Exercise goal
Repeat every line of the data exactly; no picture belongs in the copy.

Provided data
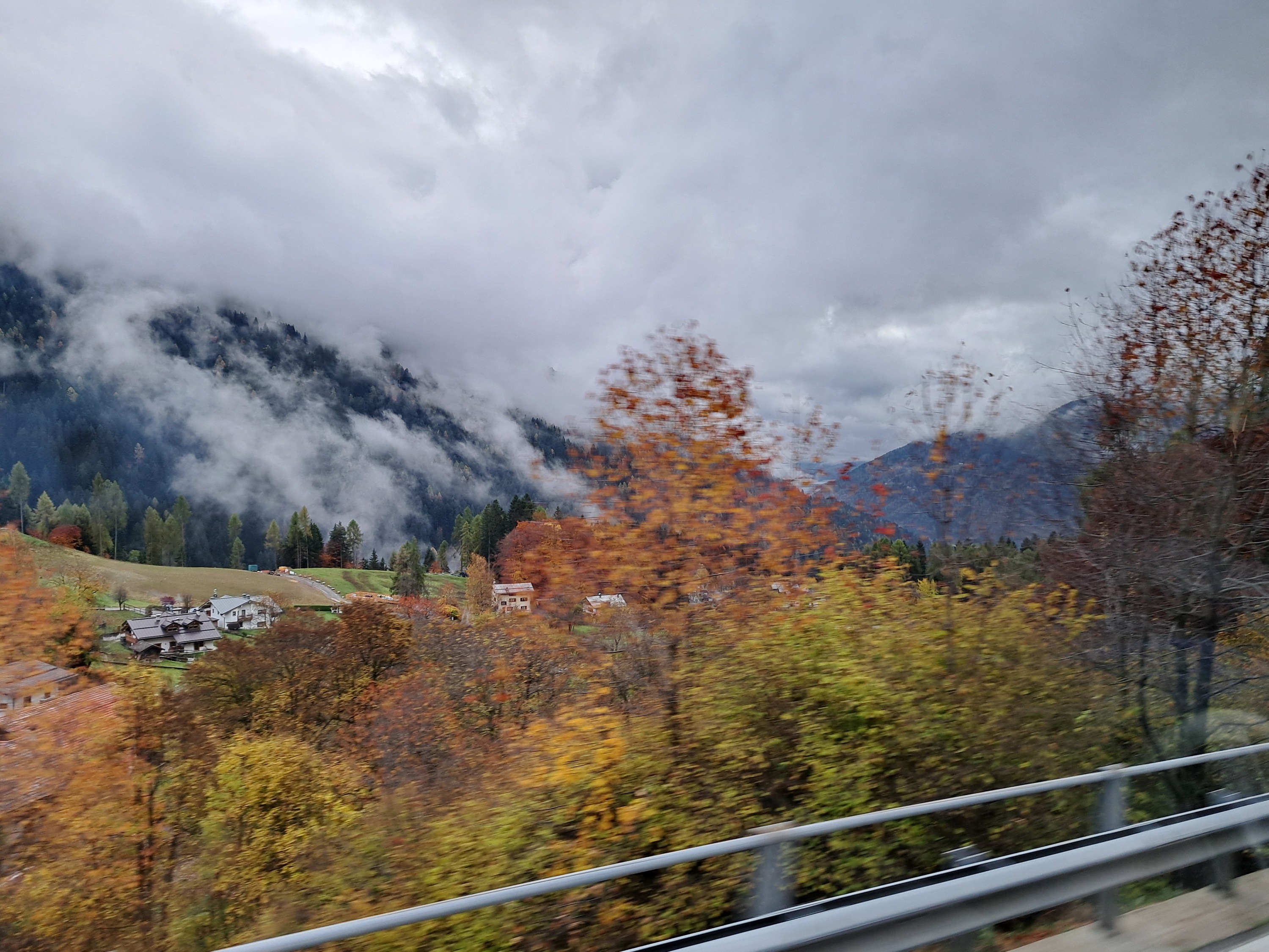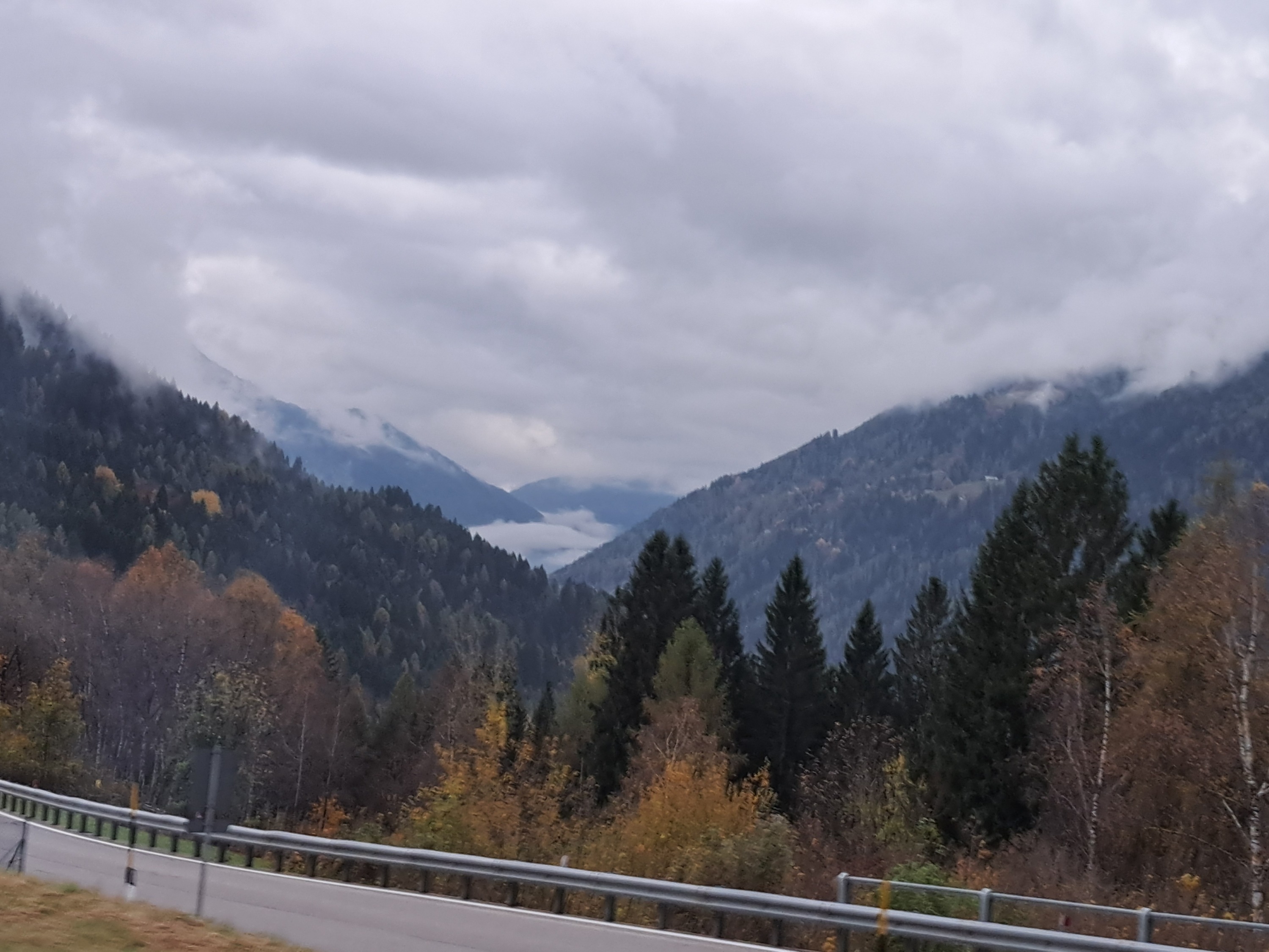 Unsere Fahrt durch die wunderbaren Dolomiten führte bis zum mondänen Madonna di Campiglio. Derzeit ist hier keine Saison. Die vielen Hotels waren geschlossen. An der Straße im Ort wurde gebaut und dann fing es auch noch an zu regnen. Das war nicht einladend. In dem einzig offenen Laden kaufte ich leckere Schokolade. Dann simmer widder abgedüst.
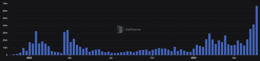 In response to DefiLlama, the hovering exercise ensured that the amount reached $66.88 million inside the aforementioned time-frame. Over $7.94 million got here within the final 24 hours alone.
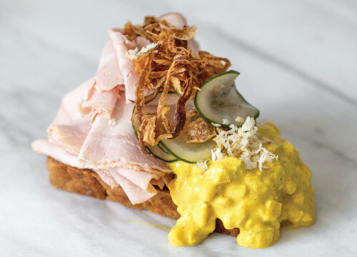 Lady Brett ร้านบาร์บีคิวจากสาทรได้ขยับขยายมาเป็นส่วนหนึ่งของ 72 Courtyard โดยเมนูบรันช์นี้ได้เชฟ Patrick Martens มาดูแลและยังคงความเป็นตะวันตกเช่นเคย ไม่ว่าจะเป็นเมนูไข่จานโตอย่าง Uber Egg (495 บาท) เนื้อแก้มวัวตุ๋นสุดนุ่มลิ้นกับไข่คนและเห็ด หรือจะเป็น Soft Shell Crab Sandwich (510 บาท) แซนวิชปูนิ่มที่อัดแน่นด้วยเบคอนกรุบกรอบ ไข่ดาว และเพิ่มความประหลาดใจด้วยมายองเนส horseradish ที่มีรสเผ็ดรสเผ็ดกำลังดี ถ้าใครชอบมะพร้าวก็อย่าลืมสั่งของหวานอย่าง Deep Fried Coconut Cream Nugget (215 บาท) ไอศครีมวานิลลาคลุกมะพร้าวขูดชุบแป้งทอด ราดด้วยซอสช็อคโกแลต คาราเมล พร้อมช็อคโกแลตครัมเบิลให้เคี้ยวกันกรุบๆ สำหรับเครื่องดื่มมีทั้งกาแฟ ม็อกเทล และค็อกเทล เติมความสดชื่นได้ตามใจชอบเลย

Response below
 Unsere Fahrt durch die wunderbaren Dolomiten führte bis zum mondänen Madonna di Campiglio. Derzeit ist hier keine Saison. Die vielen Hotels waren geschlossen. An der Straße im Ort wurde gebaut und dann fing es auch noch an zu regnen. Das war nicht einladend. In dem einzig offenen Laden kaufte ich leckere Schokolade. Dann simmer widder abgedüst.
 In response to DefiLlama, the hovering exercise ensured that the amount reached $66.88 million inside the aforementioned time-frame. Over $7.94 million got here within the final 24 hours alone.
 Lady Brett ร้านบาร์บีคิวจากสาทรได้ขยับขยายมาเป็นส่วนหนึ่งของ 72 Courtyard โดยเมนูบรันช์นี้ได้เชฟ Patrick Martens มาดูแลและยังคงความเป็นตะวันตกเช่นเคย ไม่ว่าจะเป็นเมนูไข่จานโตอย่าง Uber Egg (495 บาท) เนื้อแก้มวัวตุ๋นสุดนุ่มลิ้นกับไข่คนและเห็ด หรือจะเป็น Soft Shell Crab Sandwich (510 บาท) แซนวิชปูนิ่มที่อัดแน่นด้วยเบคอนกรุบกรอบ ไข่ดาว และเพิ่มความประหลาดใจด้วยมายองเนส horseradish ที่มีรสเผ็ดรสเผ็ดกำลังดี ถ้าใครชอบมะพร้าวก็อย่าลืมสั่งของหวานอย่าง Deep Fried Coconut Cream Nugget (215 บาท) ไอศครีมวานิลลาคลุกมะพร้าวขูดชุบแป้งทอด ราดด้วยซอสช็อคโกแลต คาราเมล พร้อมช็อคโกแลตครัมเบิลให้เคี้ยวกันกรุบๆ สำหรับเครื่องดื่มมีทั้งกาแฟ ม็อกเทล และค็อกเทล เติมความสดชื่นได้ตามใจชอบเลย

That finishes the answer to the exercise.